Start A Wiki About Initiating Wikipedia Ver 2

Wired has published an article about Wikipedia's Growth Pains. The excellent article captures the issues centered around wikipedia. Excerpts with edits and my comments added:

"One of the mysteries of scale is that there's no such thing as scaling well," said Clay Shirky. "You can make something 100 times bigger, and if it works, you think you've got it licked. But the next power of 10 can kill it. So I don't know whether or not openness and co-creation are incompatible at Wikipedia scale." The difficulties Wikipedia faces these days relate mostly to its systems for creating and vetting articles, and whether it covers enough specialized topics sufficiently well to be considered a well-rounded, single-reference source. Any member of the Wikipedia community can write an entry, which then can be edited by other members. Entries are never finished, given that anyone can make edits to any of them. But that also means there is no final authority who signs off on the accuracy of entries; veracity is assumed to come from the self-policing nature of the community.

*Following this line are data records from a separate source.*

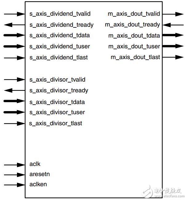 接口劃分得十分清晰,被除數(shù) 除數(shù)和商通道以及必要的時鐘和復(fù)位邏輯接口。每個AXI總線通道總是包括tdata tuser tlast 和握手信號tvalid tready,其中tuser為附加信息,tlast表示流模式下最后一個數(shù)據(jù),相當(dāng)于數(shù)據(jù)包中的包尾處。數(shù)據(jù)傳輸僅在tvalid和tready同時拉高時有效并更新。
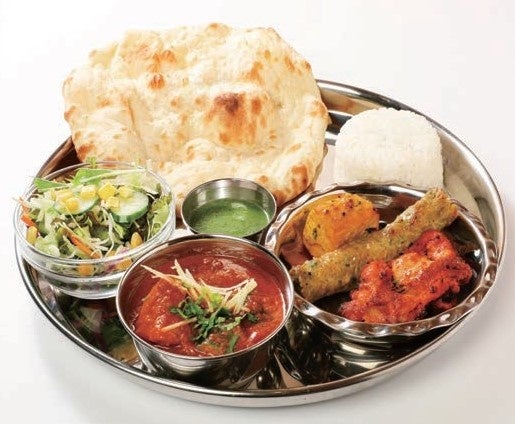 ・バターチキン・サグチキン・キーマカレー・日替わりサブジ・サラダ・チキンティッカ・チャツネ・ライス・ナン
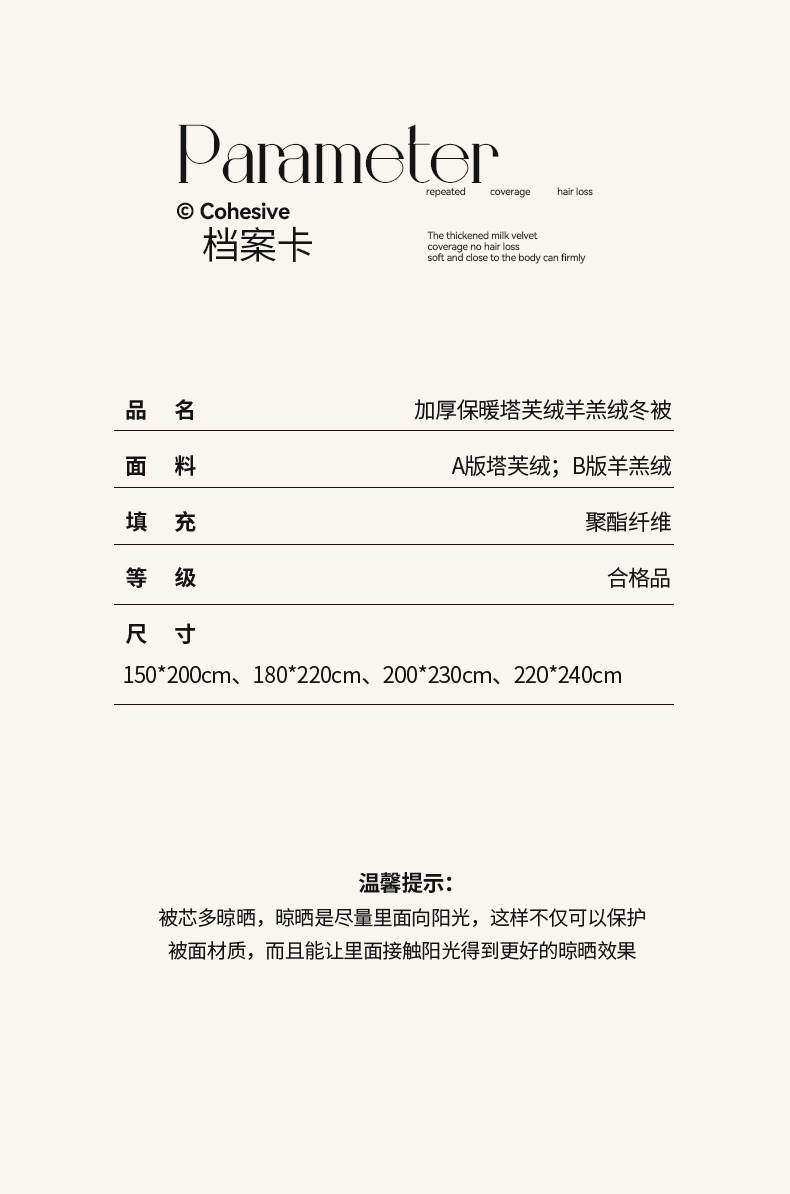 商品名称:大元 2024加厚保暖塔芙绒羊羔绒冬被 奶茶咖
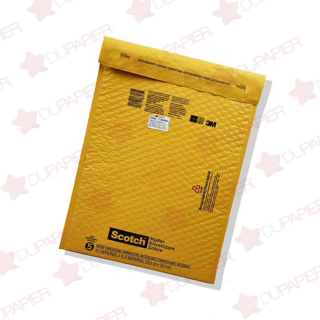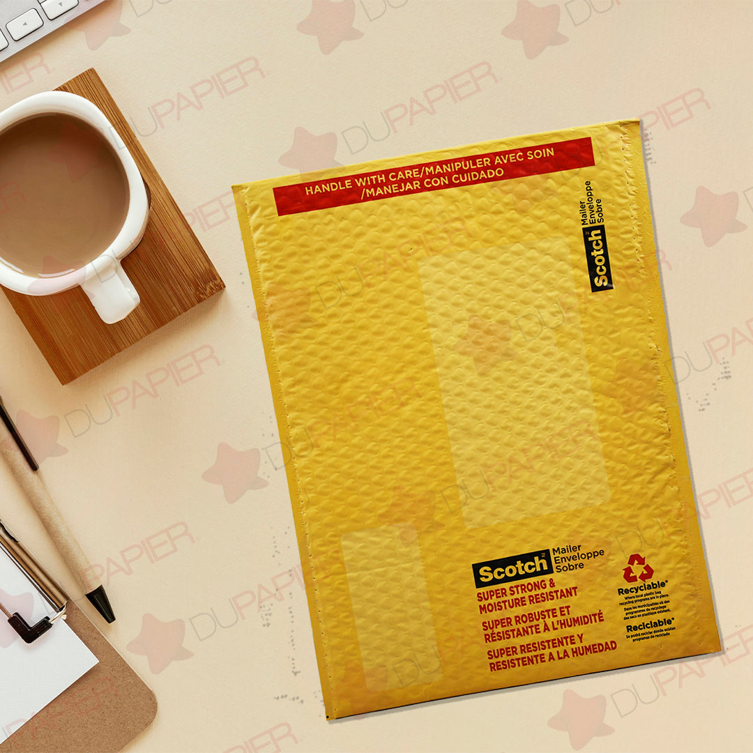 Sobre de envío con envoltura de plástico burbuja Scotch 3M amarillo.

Wikipedia, for all its breadth of coverage, cannot claim that each and every one of its entries meets any bottom-line standard for accuracy. In a recent article posted on community site Kuro5hin.org, former Wikipedia developer Lawrence Sanger addressed a litany of problems with the project. In some Wikipedia areas, "academics and experts of all sorts generally are not accorded any sort of special respect by some Wikipedians," Sanger says. "If someone is made to defend his or her contribution by some crank, or a troll, the rest of the community, generally speaking, will not come to the defense of the expert." And that's a problem, Sanger believes, in trying to build a large, well-respected resource. "There needs to be some sort of deference to expertise," he said. "I think the managers of Wikipedia need to be creative about how this sort of problem can be solved." Jimmy Wales, president of the Wikimedia Foundation, thinks the project is very healthy. "Wikipedia is very, very big and has a very active community of contributors," he said. "It is increasingly high-quality. It is increasingly being cited and relied upon in news by academics, librarians and researchers." Wales acknowledges that Wikipedia is not perfect. He notes that the community does suffer from members writing nonsense entries, or messing with others' entries, but said he and other project managers are determined to look for solutions.

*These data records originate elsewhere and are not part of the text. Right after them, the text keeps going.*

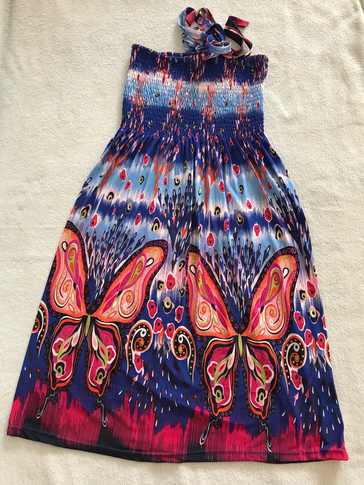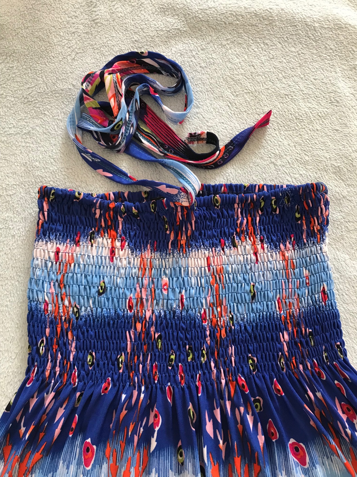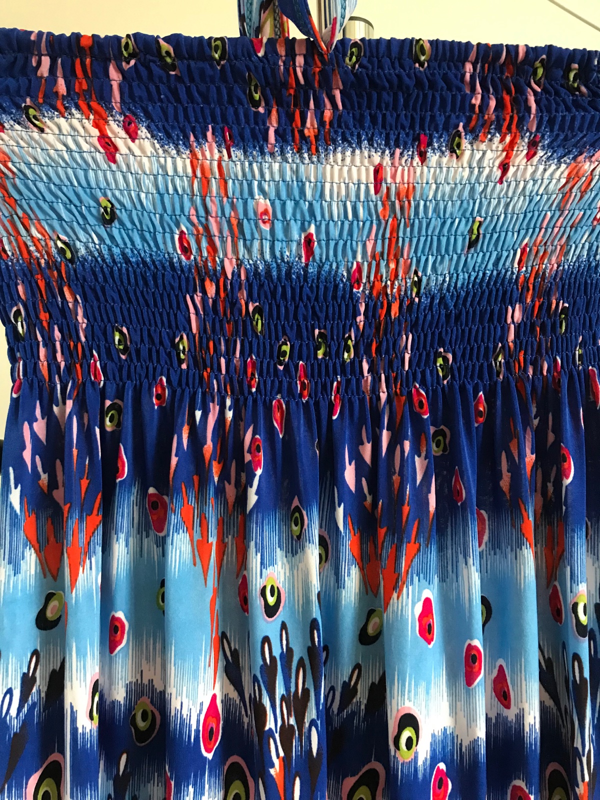 Letné šaty s možnosťou uviazania okolo krku. Vzdušná ľahká látka, krásne sýte farby. Tiež možné využiť aj ako sukňu.
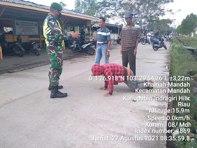 Praka Hendri Babinsa Koramil 08/Mandah Kodim 0314/Inhil tetap  Melaksanakan Penegakkan Disiplin  di Kelurahan Khairiah Mandah Kecamatan Mandah Jumat (27/08/2021)
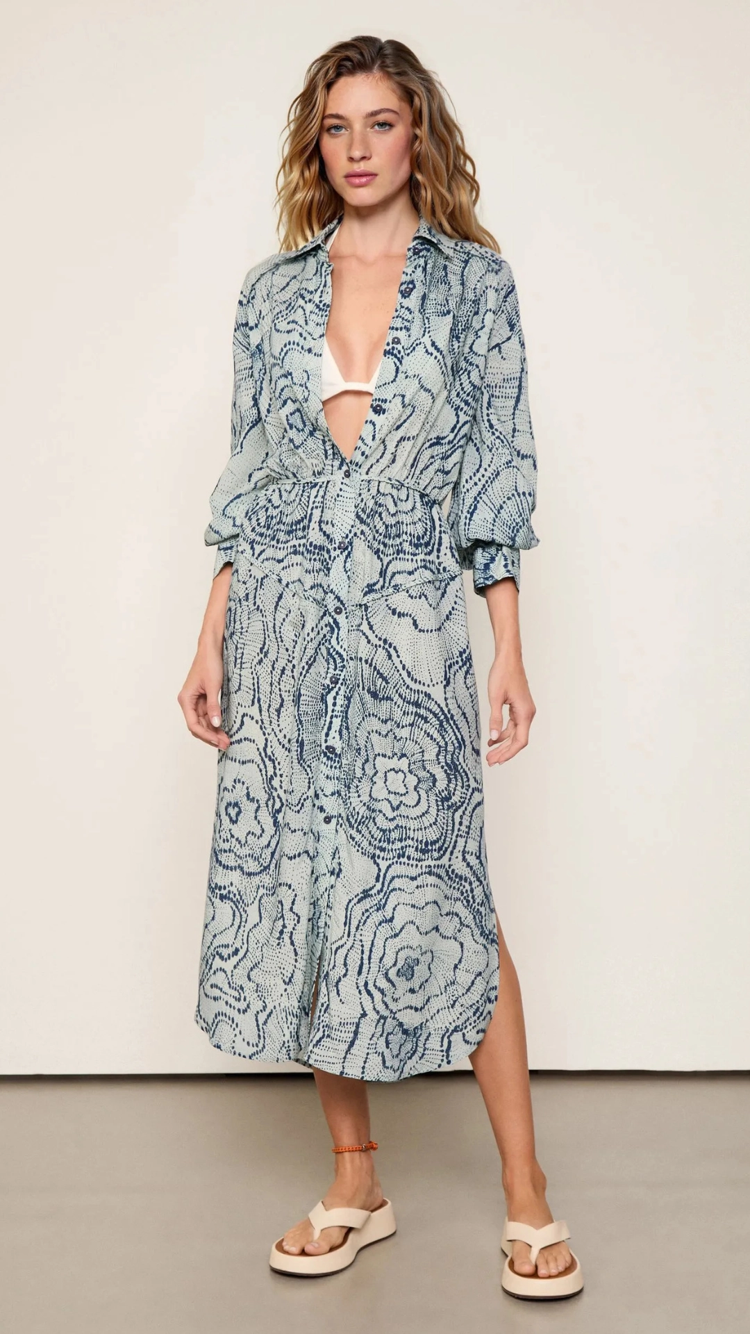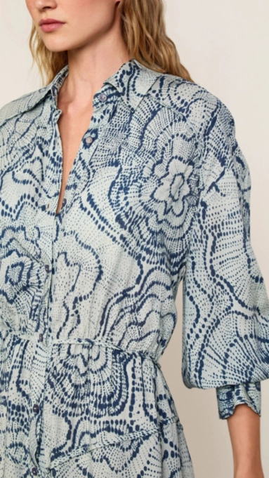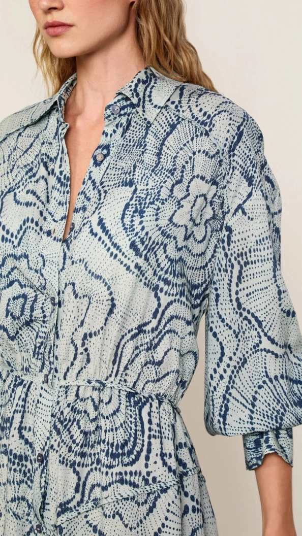 Chemise de comprimento midi com modelagem reta e ajuste na cintura por elástico. Gola tradicional, botões frontais e mangas com punhos marcados, além de fendas que garantem movimento e fluidez.

"It is absolutely crucial that we pursue creative, rational processes to get it right," Wales said. "And what that means is everything about how the community and process are managed (is) constantly under review." Yet Wales also thinks that those who feel Wikipedia, or any encyclopedia for that matter, should be a top-tier reference source are off-base. "We're after a standard that is suitable for the general reader," he said. Wales said he and his team are trying to figure out how to transition the project into what he calls "Wikipedia 1.0." Essentially, that would mean that at some point, the entirety of the existing Wikipedia would be frozen. Naturally, though, given the open-ended nature of the project, a new Wikipedia based on the 1.0 version would open up at that point, and anyone could add new entries and edit them going forward. But at least at that point, Wales said, people could point to the 1.0 version and say it was a completed work. He said he's not sure when that will happen, but hinted it would not be in 2005.

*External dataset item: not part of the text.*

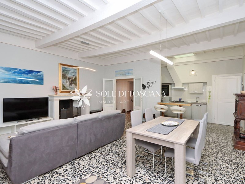 Descrizione Interna: L'appartamento, situato in un edificio storico del XIV secolo, è stato oggetto di una ristrutturazione alcuni fa mantenendo il fascino dell'epoca. Il soggiorno open space si apre sulla piazza principale, mentre la zona notte comprende tre camere da letto con vista panoramica e un bagno con doccia.
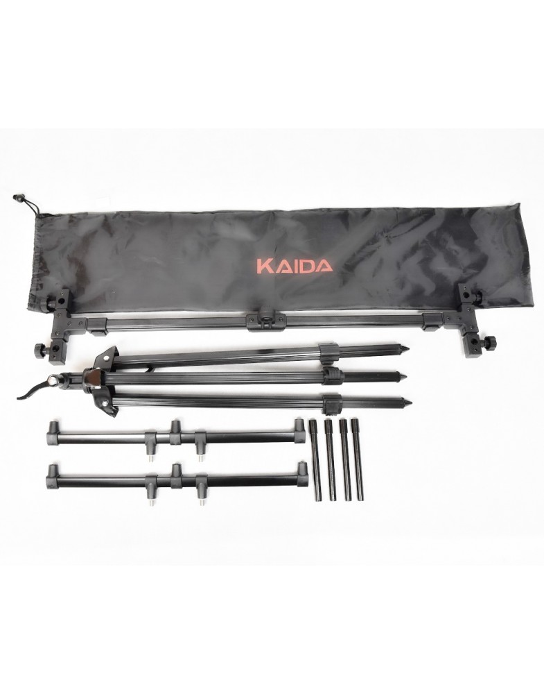 Род-под Kaida A28-5 усиленной конструкции из алюминиевого сплава на 3 удилища. Крепкая и надежная конструкция с телескопической регулировкой. Усиленная крепёжная фурнитура всех соединений обеспечивает высокую стабильность и прочность конструкции. Конструкцией предусмотрены регулировки по наклону и высоте. Раздельно регулируемые съемные ноги позволяют установить род-под в самых различных вариантах и на неровных поверхностях. Род под опирается на треногу, с качественным шарниром, который позволяет подставке вращаться на 360 градусов.

The fundamental question, is what people should expect of Wikipedia. As it grows and becomes a repository of 2 million entries from more and more contributors, more of whom are experts in their fields, it probably will be seen as on par with the Britannicas of the world. But first it must convince those experts to become involved, and that will likely mean finding a way to make them feel welcome. "What could ensure its survival for a very long time is a system of governance that rewards participation," said Shirky. "That's the hallmark of long-standing communal institutions."

My Take: Building a sustainable online community of contributors would be the key. Wikipedia has demonstrated that this can happen in its case - quite consistently and hope remains. Wikipedia is too important an instituition to put everything on hope alone. Wiki may consider three things:
A. Organise wiki more like the w3c consortium and make participation in decision making more focussed.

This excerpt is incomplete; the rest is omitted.